**Data provided**
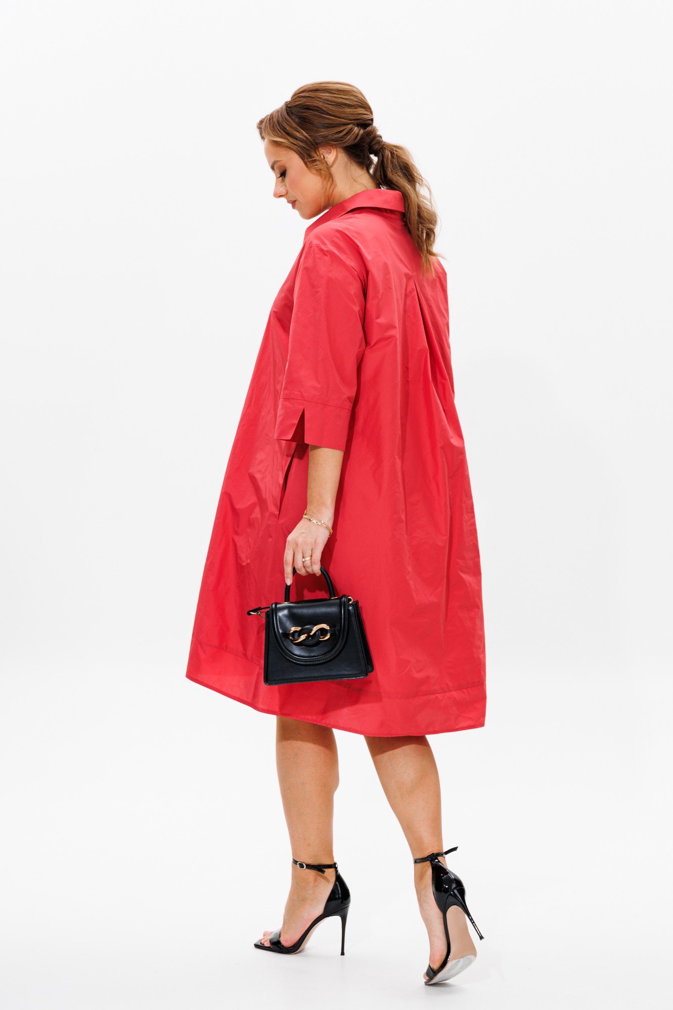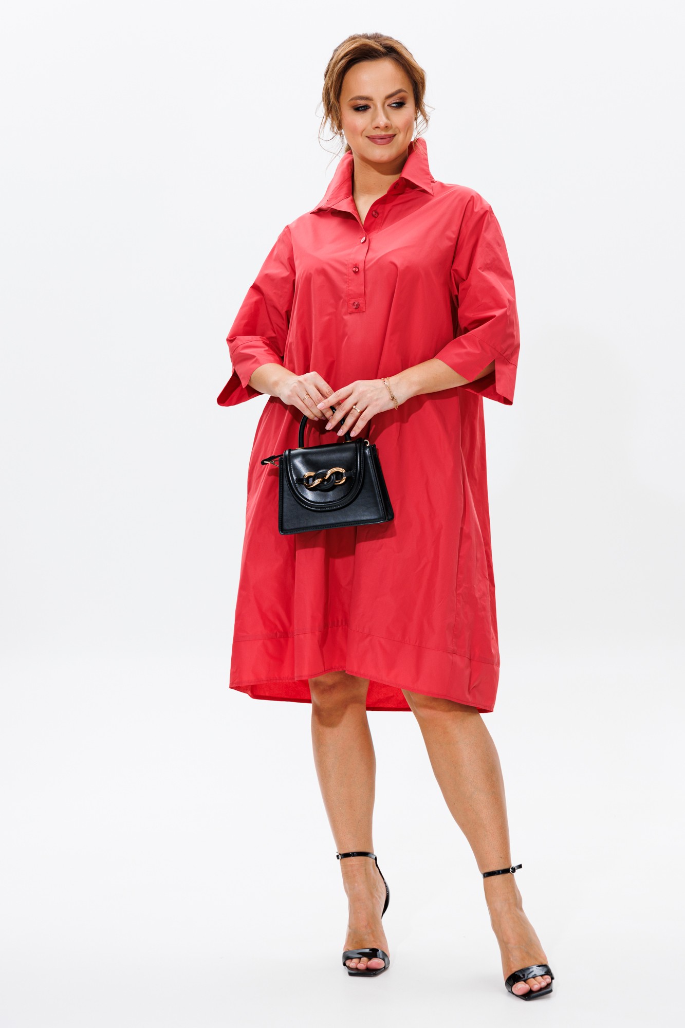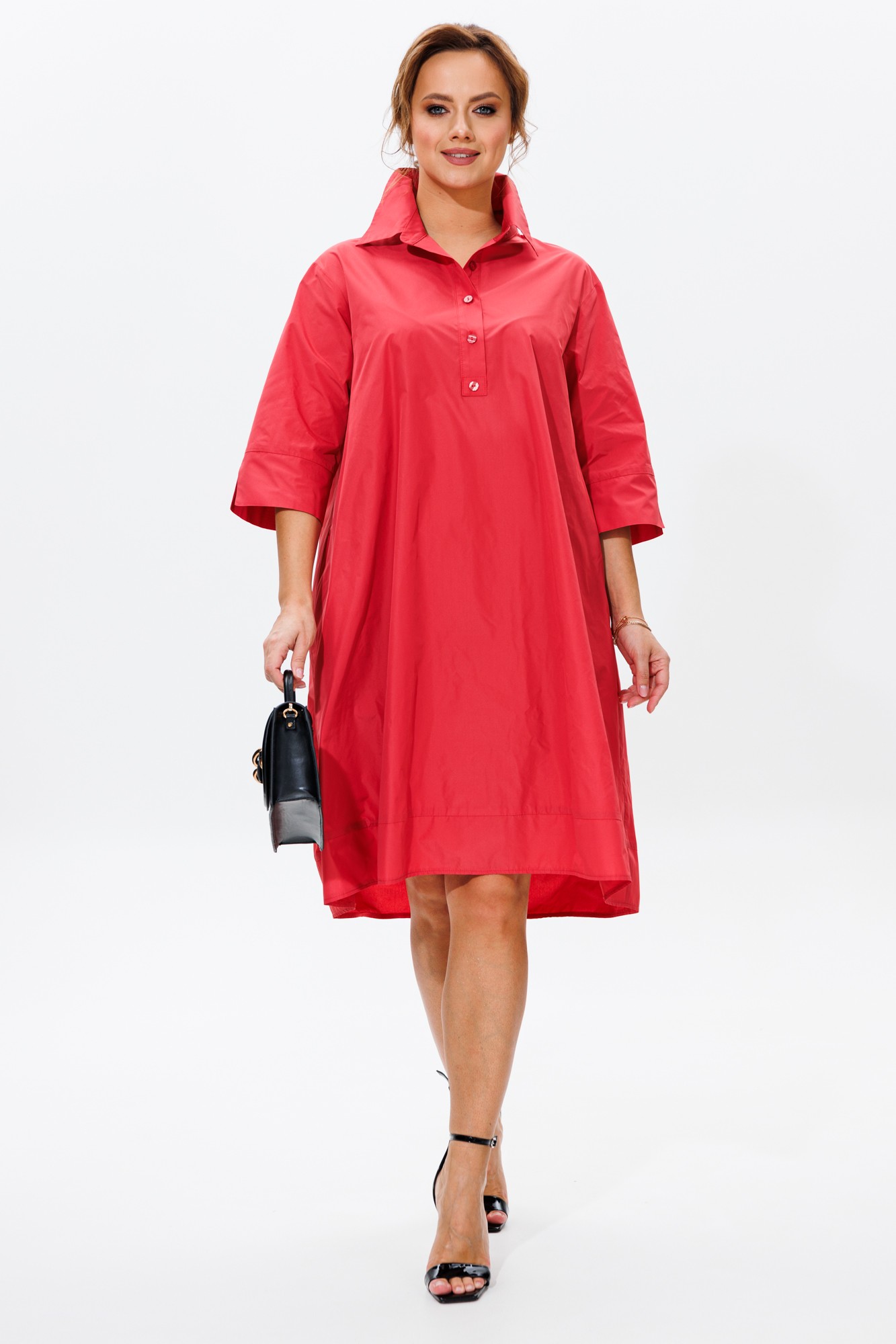 Платье женское А-образного силуэта, выполненное из тафты (не тянется). По переду отрезная планка на петли-пуговицы. Горловина оформлена рубашечным воротником со стойкой. Спинка со встречной складкой для свободы движения. Рукава втачные, одношовные с притачной манжетой и разрезом по середине. По низу платья притачная планка. Низ разноуровневый.
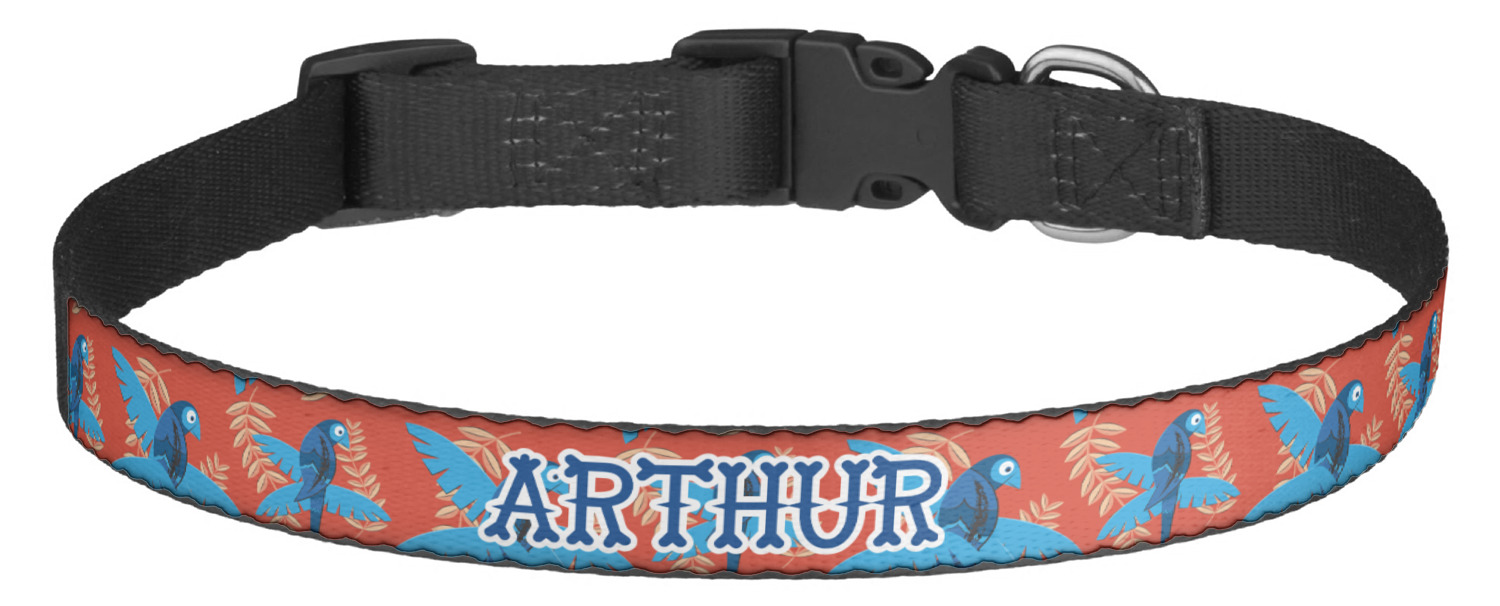This sturdy collar, made from a durable nylon weave, will outlive your dog's episodes of excited tugging and pulling. Courtesy of its thick plastic buckle and adjuster, this collar is adjustable and accommodating of any dog. Structurally, the collar is a single piece of nylon weave that is sewn together, and features a solid metal loop where you can attach a leash or dog tag. We print and display your dog's name and pattern across the middle of the personalized dog collar.
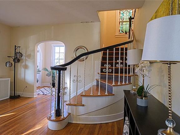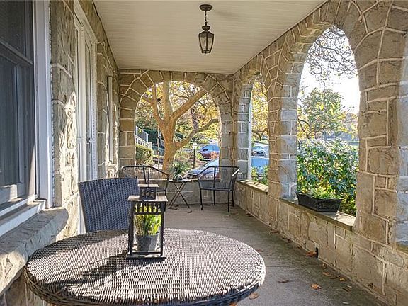 Beautiful stone home on a corner lot in the heart of Squirrel Hill. Through the arched entry, you are welcomed with gleaming hardwood floors and a gorgeous curved staircase with a stained glass window which shines from the landing, giving the living area the warmest light. A stone fireplace centers the room and French doors lead you to a fabulous front porch. The kitchen is equipped with Stainless Steel appliances, white cabinets, and a breakfast bar. Outdoor lounging and entertaining has never been easier with a gorgeous rear patio off the kitchen overlooking the yard. The second floor hosts a stunning owner's suite complete with a renovated bathroom and walk in closet as well as two additional bedrooms and a pretty hallway bathroom. The lower level is a blank slate for your flex space needs including laundry, a powder room, and a one car integral garage. A stone's throw away from Blue Slide Park at Frick and a quick commute to Pittsburgh's hospitals and universities.
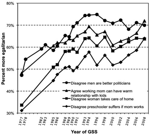 David Cotter, Joan M. Hermsen, Reeve Vanneman, 2011, "The End of the Gender Revolution? Gender Role Attitudes from 1977 to 2008", American Journal of Sociology, Vol.117:259-289. 本文はここから入手できます http://www.vanneman.umd.edu/papers…
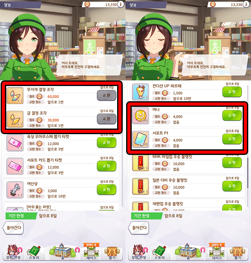 한정 상점에서는 ‘무지개 결정 조각’, ‘금 결정 조각’을 각 1개씩 교환할 수 있다. 해당 조각을 20개씩 모으면 SSR, SR 서포트 카드를 상한 돌파할 수 있다. 이번 기회를 놓치면 그만큼 결정을 만들 시간이 오래 걸리는 셈이다. 이외에 뽑기 티켓을 각 3개, 여신상을 10개까지 교환 가능하다.
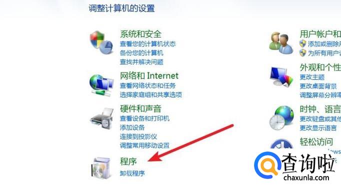 我们点击打开电脑的控制面板,点击‘程序’

**What this task involves**
Make an exact copy of every entry above, but keep the pictures out of it.

**Output below**
 Платье женское А-образного силуэта, выполненное из тафты (не тянется). По переду отрезная планка на петли-пуговицы. Горловина оформлена рубашечным воротником со стойкой. Спинка со встречной складкой для свободы движения. Рукава втачные, одношовные с притачной манжетой и разрезом по середине. По низу платья притачная планка. Низ разноуровневый.
This sturdy collar, made from a durable nylon weave, will outlive your dog's episodes of excited tugging and pulling. Courtesy of its thick plastic buckle and adjuster, this collar is adjustable and accommodating of any dog. Structurally, the collar is a single piece of nylon weave that is sewn together, and features a solid metal loop where you can attach a leash or dog tag. We print and display your dog's name and pattern across the middle of the personalized dog collar.
 Beautiful stone home on a corner lot in the heart of Squirrel Hill. Through the arched entry, you are welcomed with gleaming hardwood floors and a gorgeous curved staircase with a stained glass window which shines from the landing, giving the living area the warmest light. A stone fireplace centers the room and French doors lead you to a fabulous front porch. The kitchen is equipped with Stainless Steel appliances, white cabinets, and a breakfast bar. Outdoor lounging and entertaining has never been easier with a gorgeous rear patio off the kitchen overlooking the yard. The second floor hosts a stunning owner's suite complete with a renovated bathroom and walk in closet as well as two additional bedrooms and a pretty hallway bathroom. The lower level is a blank slate for your flex space needs including laundry, a powder room, and a one car integral garage. A stone's throw away from Blue Slide Park at Frick and a quick commute to Pittsburgh's hospitals and universities.
 David Cotter, Joan M. Hermsen, Reeve Vanneman, 2011, "The End of the Gender Revolution? Gender Role Attitudes from 1977 to 2008", American Journal of Sociology, Vol.117:259-289. 本文はここから入手できます http://www.vanneman.umd.edu/papers…
 한정 상점에서는 ‘무지개 결정 조각’, ‘금 결정 조각’을 각 1개씩 교환할 수 있다. 해당 조각을 20개씩 모으면 SSR, SR 서포트 카드를 상한 돌파할 수 있다. 이번 기회를 놓치면 그만큼 결정을 만들 시간이 오래 걸리는 셈이다. 이외에 뽑기 티켓을 각 3개, 여신상을 10개까지 교환 가능하다.
 我们点击打开电脑的控制面板,点击‘程序’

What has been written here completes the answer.